Um auf den Beginn zurückzukommen und um unmissverständlich zu betonen, dass es eben keine „Behandlungs-Wert-Klassifizierung“ irgendeiner Krankheit geben darf – außer der persönlichen Einschätzung der Konsequenz einer entsprechend (fatalen) Diagnose (meint Behandlung: Ja oder Nein, je nach persönlicher Einschätzung), muss eines klar sein: Neben dem absoluten Recht auf aktive Sterbehilfe (wie der Zeilenschreiber als Verfechter dieses Rechtes mittels einer entsprechenden Verfügung klar einer ist), gibt es immer noch (und vor allem) ein Recht auf Leben! Muss man in diesem Zusammenhang tatsächlich die UN-Menschenrechtscharta (Artikel 3 des Textes) bemühen, sprich das garantierte Recht jedes Menschen auf Leben, Freiheit und Sicherheit? Das hier angesprochene Recht auf Leben ist eine zentrale Garantie in der Allgemeinen Erklärung der Menschenrechte, denn es ist regelmäßig eine conditio sine qua non für die Ausübung der anderen Menschenrechte. Offiziell und laut Artikel 3 der Allgemeinen Erklärung der Menschenrechte vom 10. Dezember 1948: Jeder hat das Recht auf Leben, Freiheit und Sicherheit der Person.

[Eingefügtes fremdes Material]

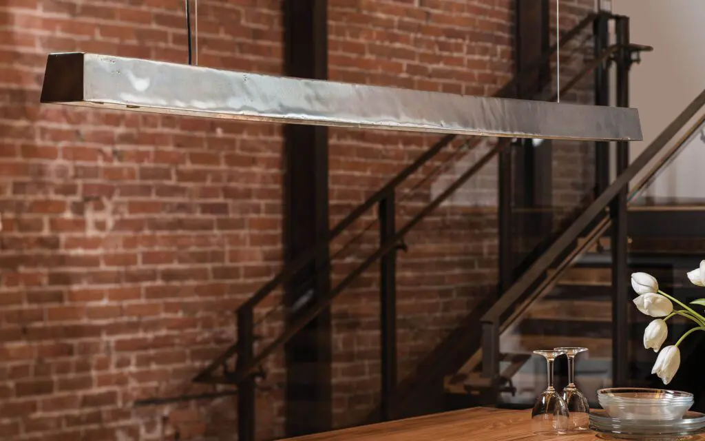 Linear Chandelier (C420), shown in silicon bronze, dark lustre patina.
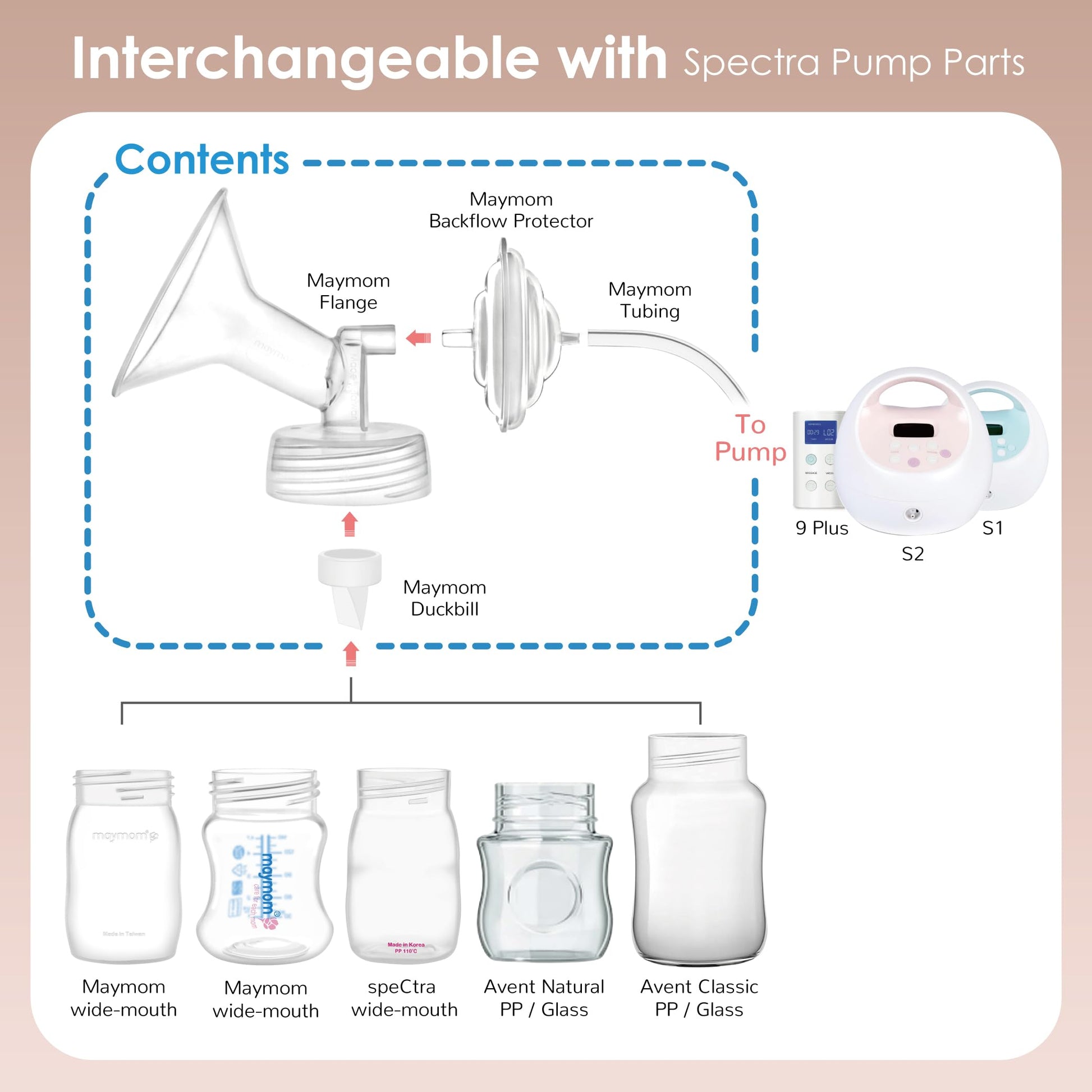 - Q: What is included in the Maymom pump parts kit? A: The kit includes two wide mouth flanges, two tubing pieces, two backflow protectors, and two duckbill valves.

Wenn man schon als Regierung viel Geld hat, um diverse aktuelle Nation-branding Projekte durchzuziehen (ohne irgendeinen bewertenden Kommentar an dieser Stelle, das sei fairerweise und im Sinne des Titels dieses Beitrages auch ausdrücklich betont), dann sollte man als politisch Verantwortliche im Sinne der absoluten Priorität des kranken Mitmenschen entsprechend allen Therapiemöglichkeiten, inklusive der entsprechenden Infrastrukturen , vorrangig, ohne Wenn und Aber, ethisch verantwortungsbewusst zu handeln bereit sein!
Ein absolutes Must!
Denn, so der griechische Philosoph Protagoras klar und deutlich :
„Der Mensch ist das Maß aller Dinge“.